Using case studies of real-world client projects, Smartlogic’s CEO presents, discusses, and demonstrates how post-relational databases, text analytics, AI, semantics, and linked data are delivering rapid returns on investment in data intensive industries. Cases range from predictive analytics and financial risk assessment to compliance, superior superior customer service, and unified enterprise intelligence within industries including banking, life sciences, media, and healthcare. The talk looks at the technology, the opportunity, lessons learned, and the keys to project success.
Jeremy Bentley, Head, MarkLogic

2:30 p.m. - 3:15 p.m.

Cognitive Computing & Graph Databases
Graph Stores Combined With Text Analytics
Text analytics can discover and add underlying structure to content, providing some remarkable new capabilities for the enterprise. This session focuses on the discovery of relationships between data and the population of graph databases and graph search. There are now more than 30 graph databases on the market, ranging from neo4j to SQL Server 2017, and graph search has become mainstream (including Lucene 6, the Microsoft Graph and many more). Text analytics is important for these to provide value to organizations.
Jeff Fried, Director, InterSystems
NLP & Entity Extractors for Cognitive Computing & Semantic Graph Databases
NLP and entity extractors make up an important part of our use cases in cognitive computing. We discuss how terminology systems and knowledge bases are used in combination with NLP and entity extractors to greatly enrich the contents of our data infrastructures.
Jans Aasman, CEO, Franz Inc.
Search & Text Analytics
Leveraging Text Analytics to Build a Personalized Information Retrieval Environment
To improve the effectiveness of information findability and usability, we are developing a new mechanism to understand users’ interests and predict the information that will be most relevant to their needs.
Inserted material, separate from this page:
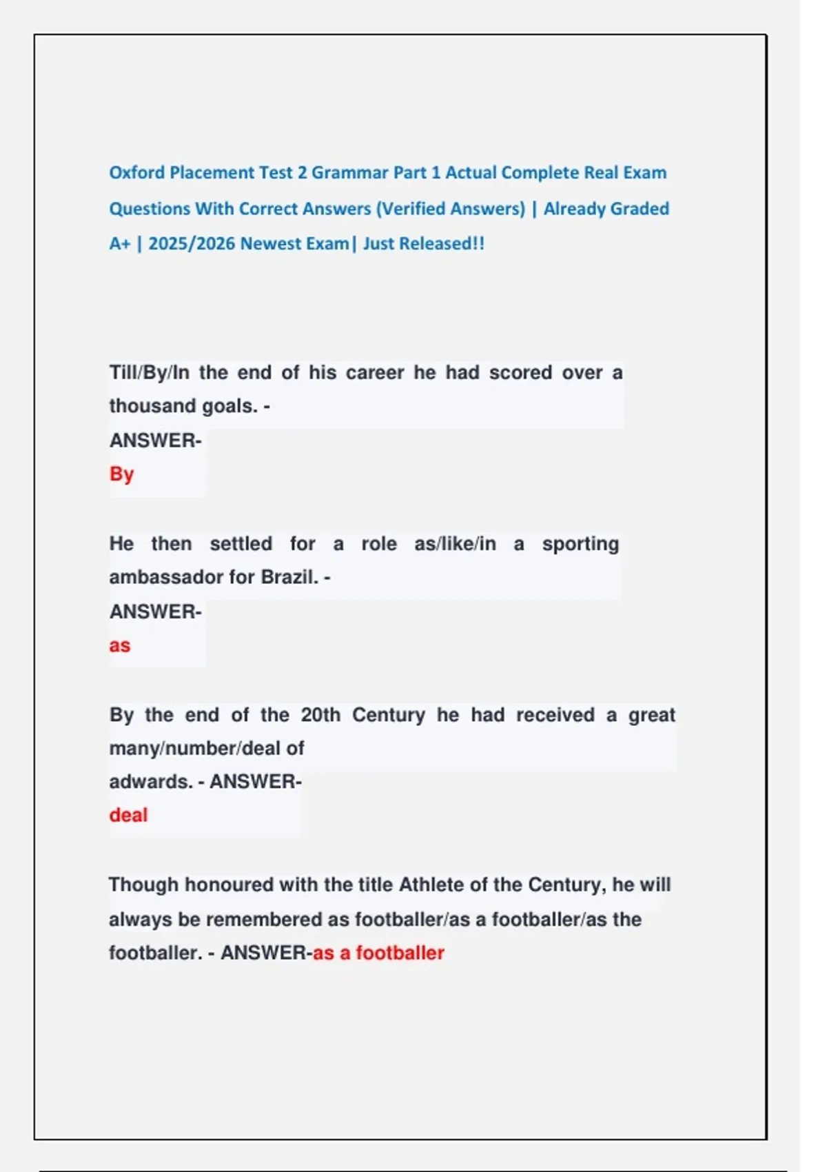 Questions With Correct Answers (Verified Answers) | Already Graded
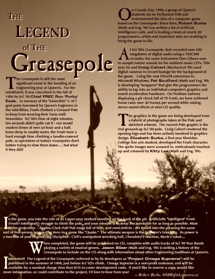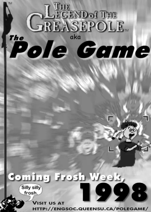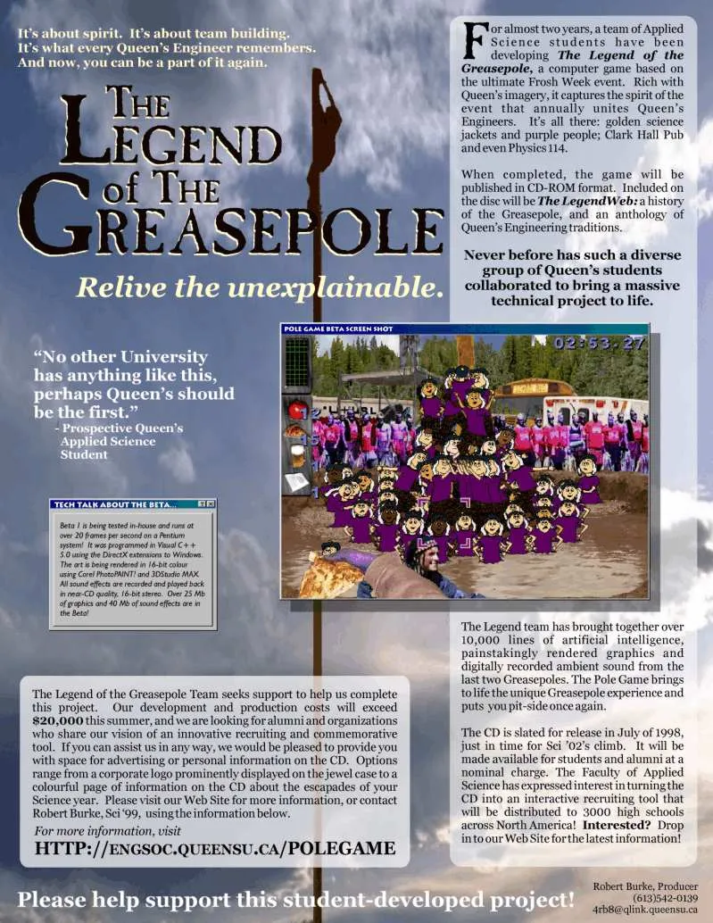 As Kirsten Sorensen's Alumni Centennial group geared up for the EngSoc Centennial, The Legend of the Greasepole team offered Alumni and Corporations another incentive to contribute -- space on the Legend of the Greasepole CD. This, our first full-colour ad, ended up shaping the look of the game. By this point, TetherFrosh (the shadowed guy) had become a permanent fixture in our artwork.

We analyze the technical documents published by members of the workforce and build models that can be used to match user’s requests with the best available content. We utilize an existing hierarchical taxonomy as part of the clustering effort in order to provide preliminary labels for the clusters. The information retrieval environment we are building will not only support retrieval of relevant corporate information upon request, it is designed to proactively notify targeted members of the workforce when relevant information becomes available.
Pengchu Zhang, Computer Researcher, Sandia National Laboratories
Using Text Analytics, Taxonomy, & Search to Probe Ignorance & Risk
In this talk, Patrick Lambe takes an unconventional look at how text analytics, taxonomies and search can be used in concert to probe areas of ignorance, not just uncover and organize what is already known, via three problem cases from the areas of public health and public transport. We demonstrate how elements of the search and discovery technology stack can be used to detect patterns in the environment to address or mitigate these types of problems.
Patrick Lambe, Principal Consultant, Straits Knowledge

3:15 p.m. - 4:00 p.m.

Coffee Break in the Enterprise Solutions Showcase

4:00 p.m. - 5:00 p.m.

Ask the Experts Panel
A panel of four text analytics experts answer questions that have been gathered before the conference, during the conference, and some additional questions from the program chair and sponsors.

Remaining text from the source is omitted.